Stored items from a collection:
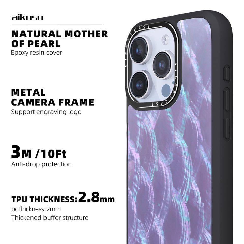 Custom 3M Shockproof Tpu Matte Phone Covers Purple Mother of Pearl Phone Case for Iphone 16 15 14 13 Pro Max
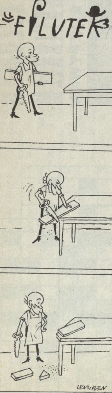 Archiwum / Profesor Filutek nr specjalny 43/1993 22/129 Podziel się Tytuł Prof. Filutek Autor Zbigniew Lengren Rubryka Profesor Filutek Artykuł z numeru nr specjalny 43/1993 Data wydania 24 października 1993 Tagi żart rysunkowy piła stół
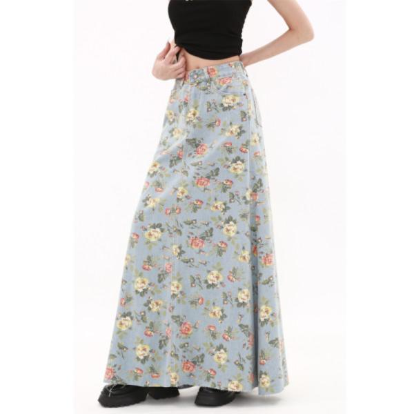 American pastoral style! Floral denim long skirt | High waist slim retro girly skirt
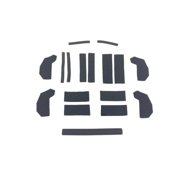 Construction and Appearance. Constructed with a combination of high-quality rubber and dense foam layers, this seal kit offers long-lasting durability and reliable sealing performance. The deep black color matches OEM components and provides a clean, factory-installed appearance. Each piece is precision-cut for a proper fit around critical sealing points, maintaining the Wrangler's rugged look while enhancing function.
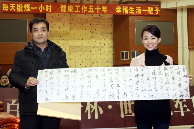 副院長(zhǎng)楊勁松給中國(guó)“九球天后”潘曉婷贈(zèng)送禮物
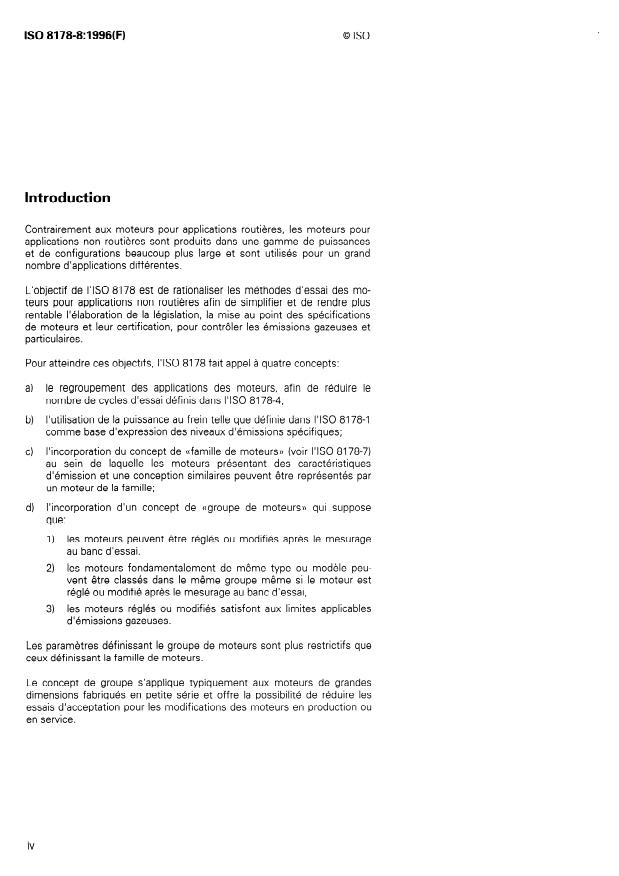 c) l’incorporation du concept de ((famille de moteurs)) (voir I’ISO 8178-7)
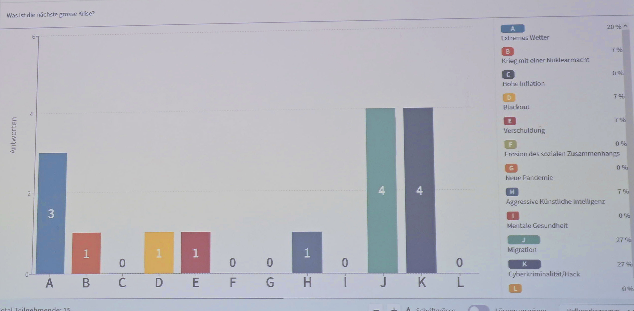 Von den 17 Teilnehmern sagten je 4, dass Migration oder Cyberkriminalität die grösste zukünftige Krise bringen würden. 3 sagten, dass es extremes Wetter sei, und die anderen Stimmen verteilten sich auf andere Krisen. Das zentrale Ergebnis ist, dass es kaum Einigkeit unter den Anwesenden gab, dass es also sehr schwierig ist zu wissen, wo die nächste Krise lauert.
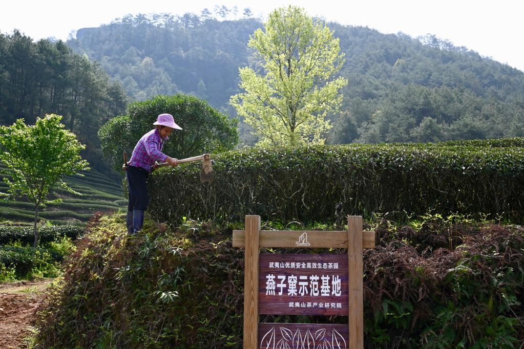 2021年3月23日,茶農在武夷山星村鎮(zhèn)燕子窠生態(tài)茶園除草。新華社記者姜克紅攝
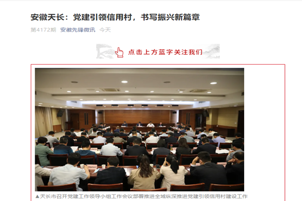 今年以來,天長市深入貫徹落實安徽省黨建引領信用村建設“1+5”工作方案和全省第二次聯席會議精神,全域縱深推進黨建引領信用村建設,率先完成黨建引領信用村信用評級工作,發放了全省首筆黨建引領信用村線上貸款。
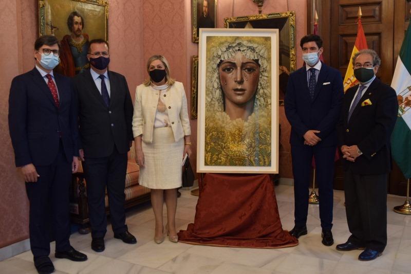 El cartel ha sido presentado en el ayuntamiento de Sevilla por el teniente de alcalde Juan Carlos Cabrera, el hermano mayor de la Macarena, José Antonio Fernández Cabrero, y el propio autor de la obra, Manuel Peña Suárez.
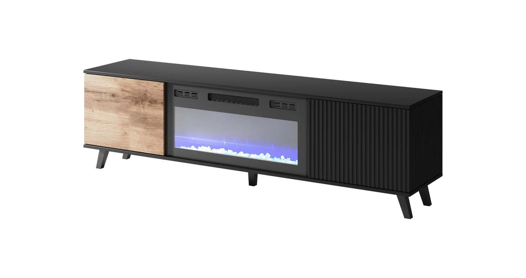 TV stovas su židiniu, matmenys: 180/40/52 cm, medžiaga: laminuota MDF / laminuota medžio drožlių plokštė / polipropilenas, spalva: ąžuolas / juoda
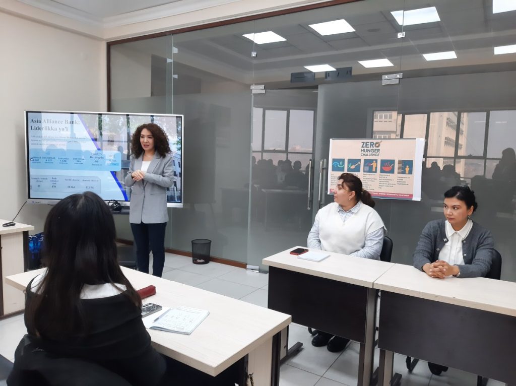 Uchrashuv davomida talabalarga yosh mutaxassislar uchun mo‘ljallangan o‘quv va amaliyot dasturlari, bankda kadrlar tayyorlash va rivojlantirish mexanizmlari haqida batafsil ma’lumot berildi. Shuningdek, “Asia Alliance Bank” ATBda amalga oshirilgan rebrending jarayoni, bankning yangilangan g‘oyasi, missiyasi va korporativ qadriyatlari taqdim etildi.
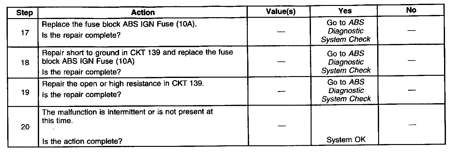 11. This test checks for an open or high resistance in the underhood junction block between the ABS IGN fuse and the electronic brake control relay.
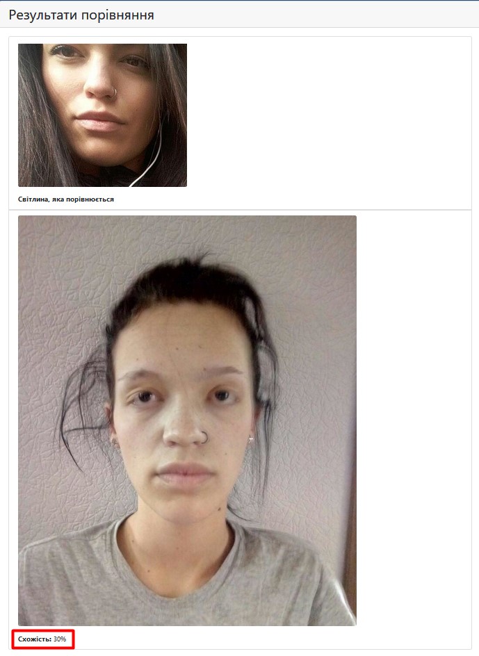 Фотосравнение снимков Лапинской в системе распознавания лиц "Миротворца" показало совпадение на 30%.
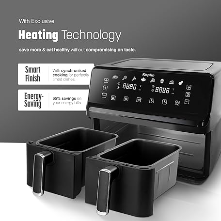 Thông tin sản phẩm KEPLIN 9L Dual Zone Air Fryer - 8in1 Cooking Functions - 2700W Energy-Saving Cooker - Extra-Large Capacity for Healthy Meals - Roast, Bake, Dehydrate, Reheat,- Family Size (9L)- 2 Years Warranty
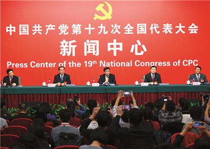10月19日晚,十九大新闻中心在梅地亚新闻发布厅举办主题为“走新型工业化道路”集体采访活动。工业和信息化部党组书记、部长苗圩,中国电信集团公司党组书记、董事长杨杰,山东省经济和信息化委员会党组书记、主任钱焕涛,北京汽车集团有限公司党委书记、董事长徐和谊出席了发布会。
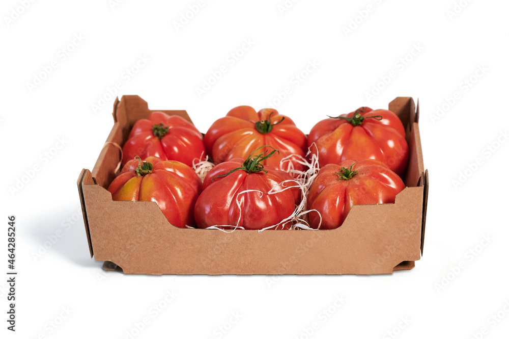Fresh tomatoes in recyclable cardboard box isolated from white background
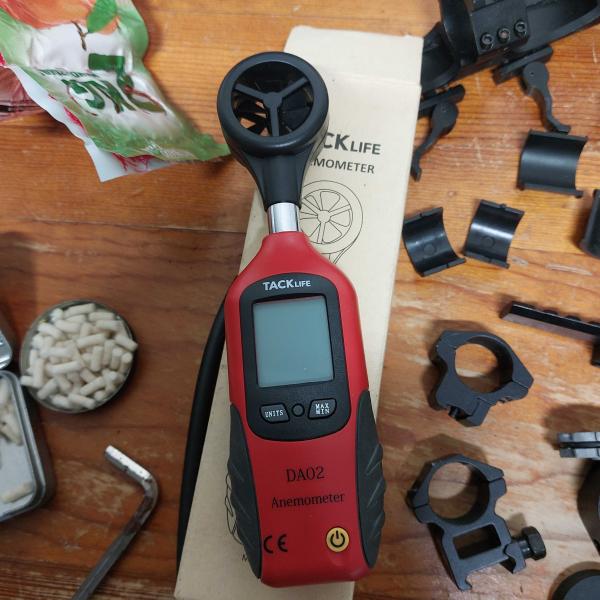 Un visor, varios railes y monturas entre ellas unas Vision King, un anemómetro, un bote sin abrir de abrillantador para pavonado, 3 botecitos de grasa de silicona, un cargador de 4,5 de hatsan at 44, 2 sacos de tiro, etc...
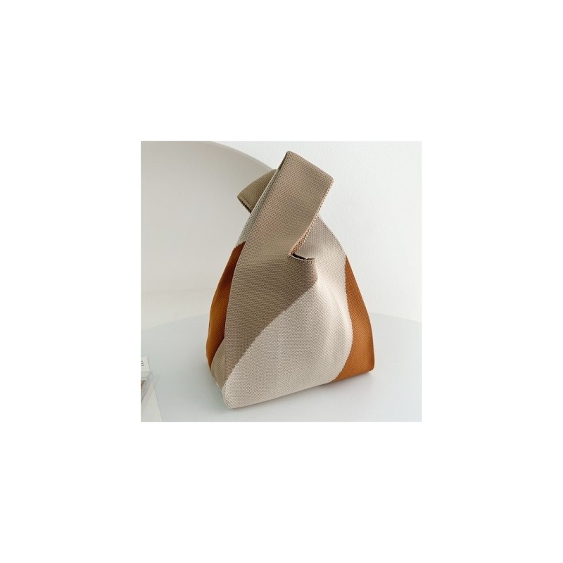 Handmade Knit Handbag Women Mini Knot Wrist Bag Japanese Casual Color Matching Wide Tote Bag Student Reusable Shopping Bags Gift
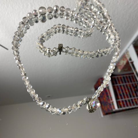 Sød halskæde sølvfarvede perler. turkis og koralrør små kugler.
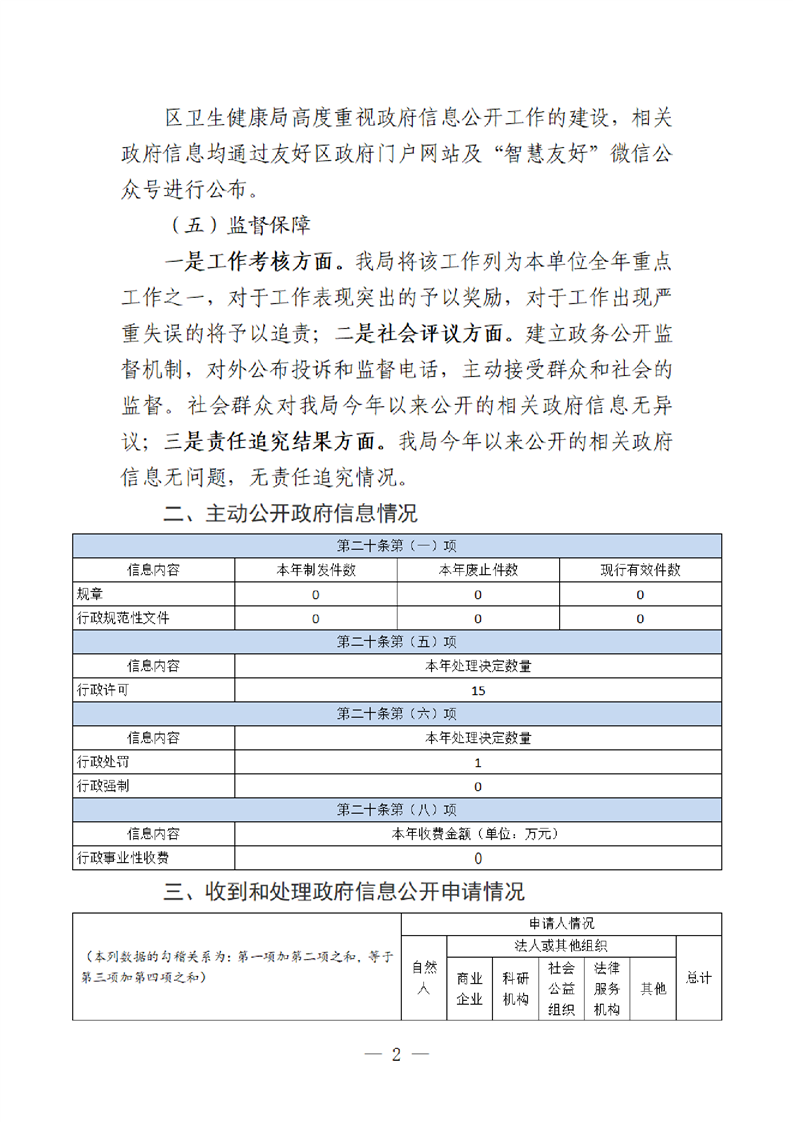 友好区卫生健康局2022年政府信息公开工作年度报告
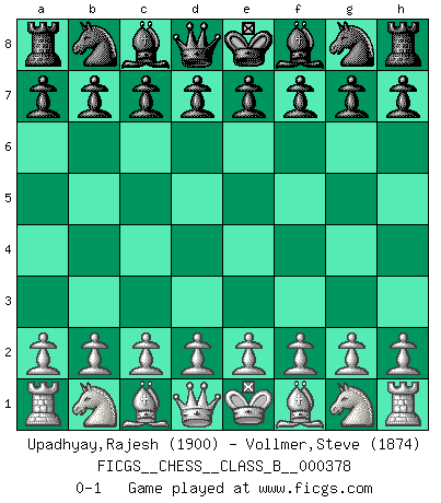 Last move : 0-1 2024 October 19 11:45:13 [Event "FICGS__CHESS__CLASS_B__000378"] [Site "FICGS"] [Date "2024.09.08"] [Round "1"] [White "Upadhyay,Rajesh"] [Black "Vollmer,Steve"] [Result "0-1"] [WhiteElo "1900"] [BlackElo "1874"] 0-1 This chess game has been lost on time (started : 2024.09.08 22:59:28) Follow this game move after move (download)Winning isn't everything... but losing is nothing. (Mednis) Im Fernschach kannst du während dem Spiel rauchen. (John Christen Knudsen) La única cosa que los jugadores de Ajedrez tienen en común, es el Ajedrez. (Lodewijk Prins) Mais l'homme est une créature légère et illogique : semblable au joueur d'échecs, il n'aime que le processus du but à atteindre, non le but lui-même. (Dostoïevsky) There are more things in heaven and earth than practically anywhere else. (Unknown)
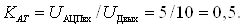 = 5 В. Тогда коэфициент ослабления аттенюатора определяется
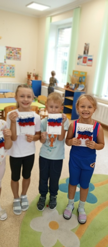 Не остался незамеченным этот день и в нашей группе "Солнышко" тоже не остался в стороне: для детей были проведены тематические занятия, беседы, посвященные Российской символике. Из бесед с педагогами ребята запомнили, что граждане России гордятся Государственными гербом, флагом и гимном и что без этих отличительных знаков страны не обходится ни одно важное для страны событие Дошколята узнали об истории появления Российского флага и его значимости для нашего государства, а на прогулке дети с удовольствием поучаствовали в игре-эстафете "Кто быстрее доставит флаг", рисовали флаг Родины и оформили выставку. А занятия по художественно-эстетическому развитию помогли торжественно украсить к празднику каждую группу. Мы с ребятами провели интересный мастер класс российского флага своими руками способом торцевания.
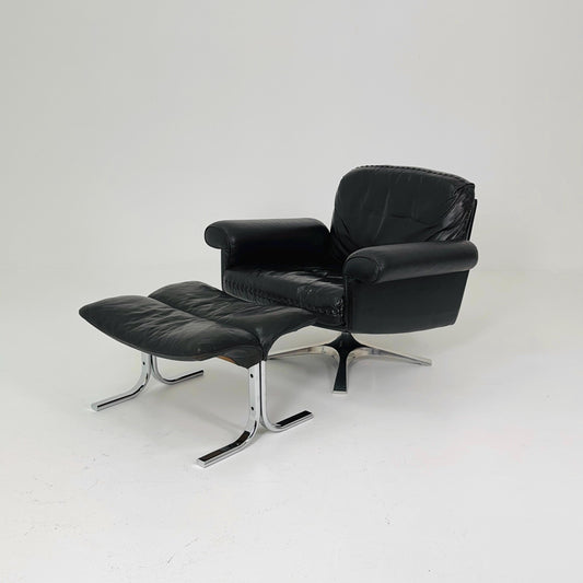 Mid Century De Sede "DS-31" armchair & ottoman in chocolate brown, Switzerland 1970s
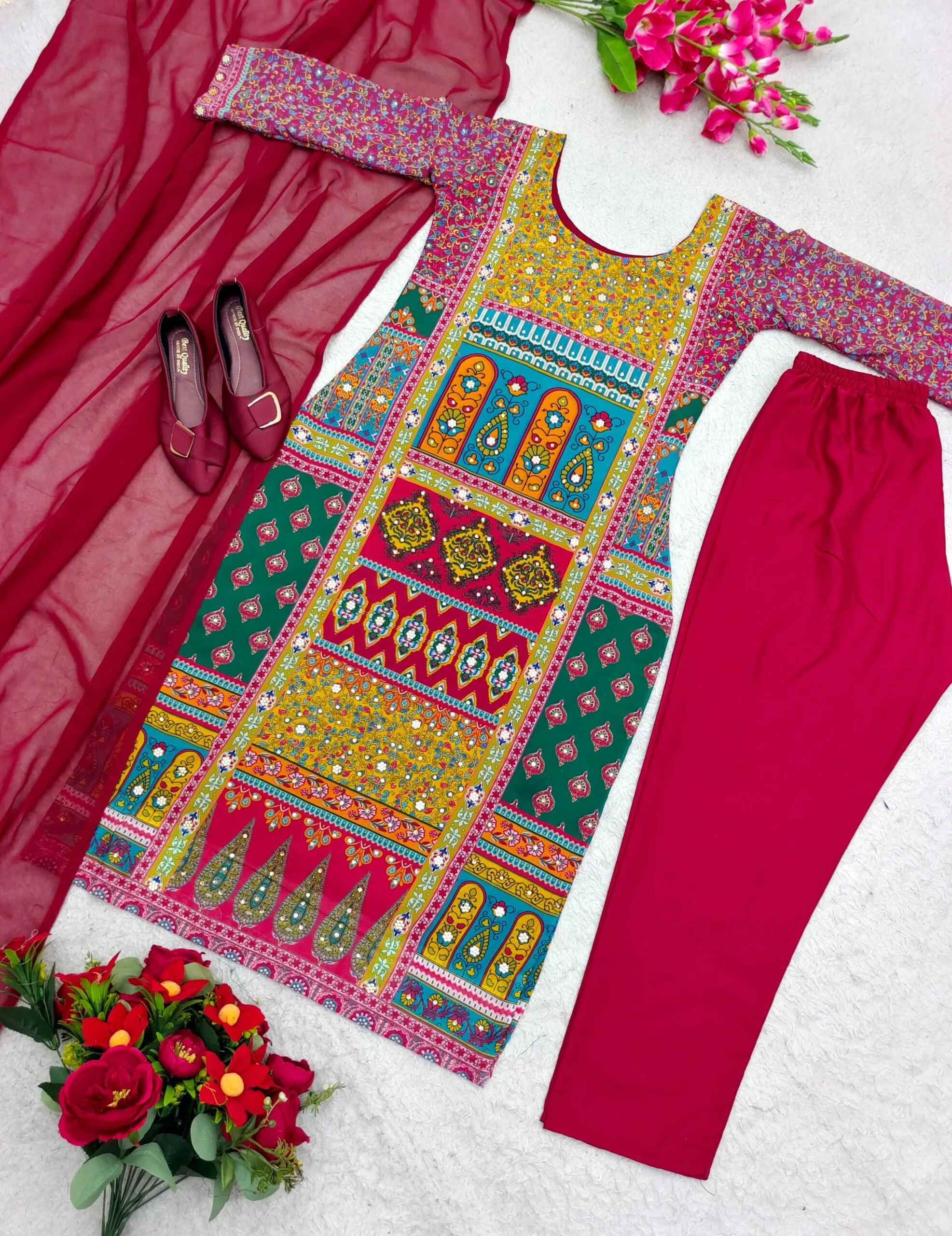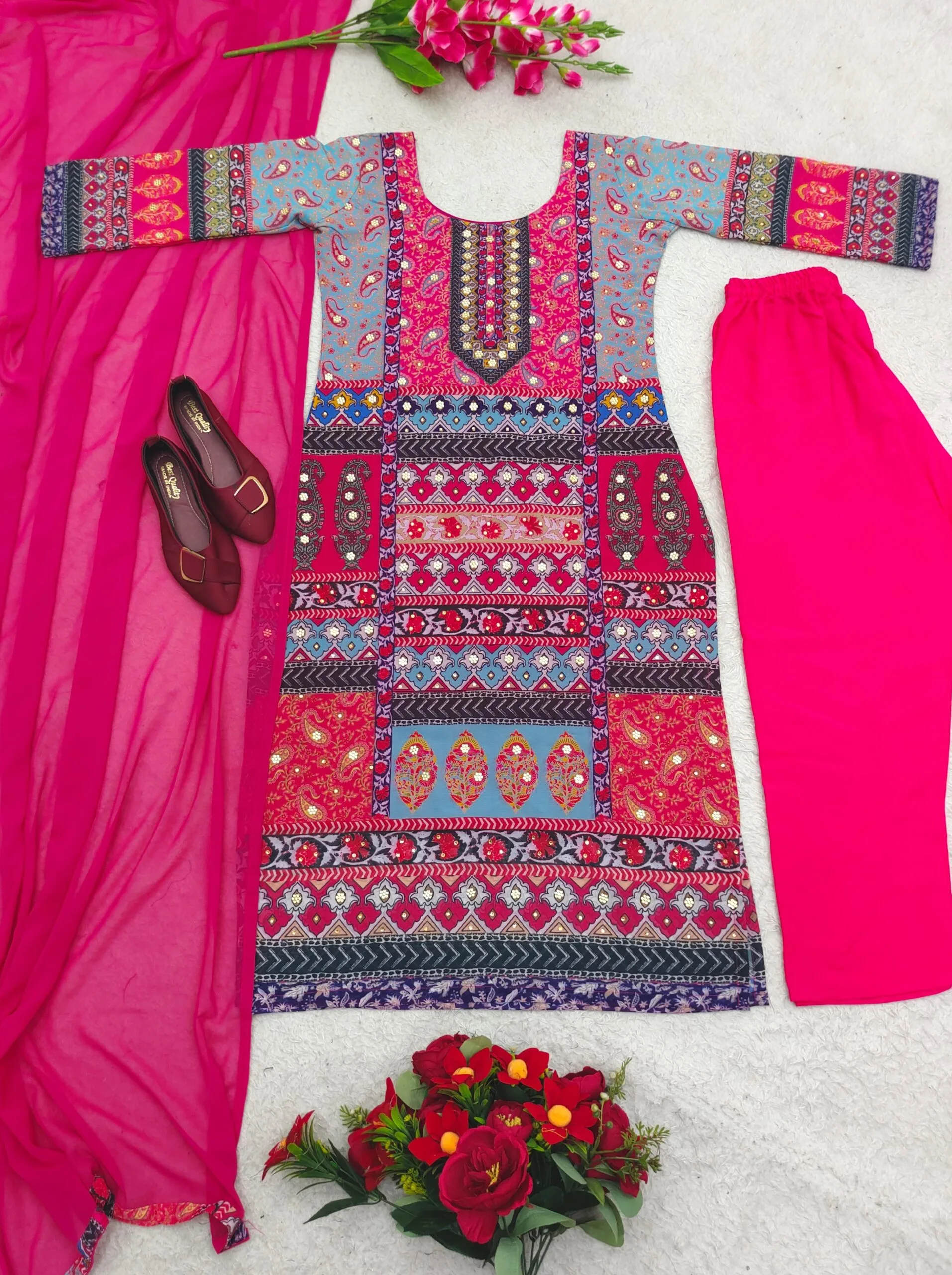 DETAILS :Suit: Fabric: Faux Georgette Size: M-38”, L-40”, XL-42”, XXL-44” Work: Cotton Thread with 9mm Sequin Embroidery Work Inner: Micro Height: 56” inchPant: Fabric: Faux Georgette Height: 38” inch Size: Free Size (Fully Stitched)Dupatta: Fabric: Butterfly Net Work: Border Lace Length: 2.1mWeight: 900gmhttp://azaayah.com/wp-content/uploads/2024/02/WhatsApp-Video-2024-01-24-at-19.51.46-1.mp4

**TO DO**
Word for word, restate the lines above from the first through the one that contains "American pastoral style!", and exclude all pictures.

**RESPONSE TO THIS EXERCISE**
 Custom 3M Shockproof Tpu Matte Phone Covers Purple Mother of Pearl Phone Case for Iphone 16 15 14 13 Pro Max
 Archiwum / Profesor Filutek nr specjalny 43/1993 22/129 Podziel się Tytuł Prof. Filutek Autor Zbigniew Lengren Rubryka Profesor Filutek Artykuł z numeru nr specjalny 43/1993 Data wydania 24 października 1993 Tagi żart rysunkowy piła stół
 American pastoral style! Floral denim long skirt | High waist slim retro girly skirt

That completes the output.